# [AIM OF THE EXERCISE]
From the first line of the listing, copy each line exactly until you have included the line with "ANNKE Kit Vidéo"; leave out the pictures.

++++ SOURCE DATA ++++

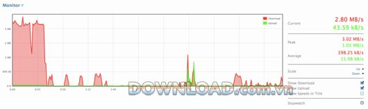 Bảng Monitor sẽ hiển thị biểu đồ cập nhật theo từng giây để cho bạn biết chuyện gì đang xảy ra với kết nối của bạn vào thời điểm thực:
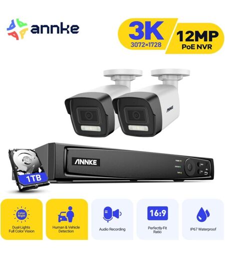 ANNKE Kit Vidéo Surveillance Extérieur 12MP NVR avec 2 Caméras Détection de Personne Alarme par E-Mail Accès à Distance Kit Caméras Surveillance 1TB
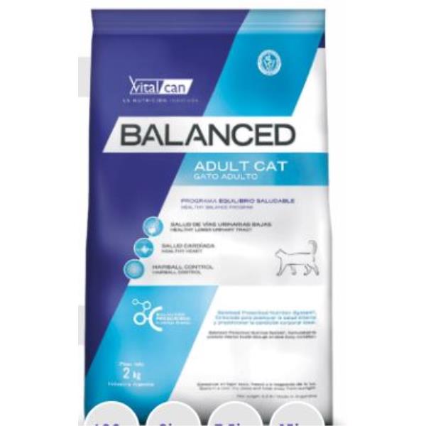 Proteinas 30% Grasa 12% Vitalcan Balanced es ideal para gatos adultos porque su Programa Equilibrio Saludable les proporciona:Salud de vías urinarias bajas: formulado con bajos niveles de minerales -especialmente magnesio- que ayudan a evitar la formación de cristales yo cálculos urinarios. Regula el pH urinario.Salud cardíaca: posee taurina y L-carnitina que favorecen al músculo cardíaco colaborando en la prevención de cardiomiopatías.Hairball Control: el agregado de celulosa ayuda a prevenir la formación de bolas de pelo en el tracto gastrointestinal por efectos del lamido.IngredientesHarina de pollo arroz gluten meal maíz harina de soja micronizada aceite de pollo trigo hidrolizado proteico de pollo pulpa de remolacha (fuente de fructooligosacáridos FOS) aceite de pescado levadura de cerveza sal celulosa en polvo bisulfato de sodio metionina lisina zeolita inulina vitaminas: A D3 E K3 B1 B2 B6 B12 biotina ácido fólico ácido nicotínico ácido pantoténico vitamina C minerales inorgánicos (iodato de calcio sulfato ferroso óxido manganoso) minerales quelados (cobre como metioninato de cobre selenio como levadura enriquecida zinc como propionato de zinc) cloruro de potasio taurina sorbato de potasio nucleótidos de levadura colina paredes de levadura (fuente de manano-oligosacáridos MOS) extracto de Yucca schidigera antioxidantes (extracto de romero BHA BHT) y polifenoles

++++

# [EXPECTED ANSWER]
 Bảng Monitor sẽ hiển thị biểu đồ cập nhật theo từng giây để cho bạn biết chuyện gì đang xảy ra với kết nối của bạn vào thời điểm thực:
 ANNKE Kit Vidéo Surveillance Extérieur 12MP NVR avec 2 Caméras Détection de Personne Alarme par E-Mail Accès à Distance Kit Caméras Surveillance 1TB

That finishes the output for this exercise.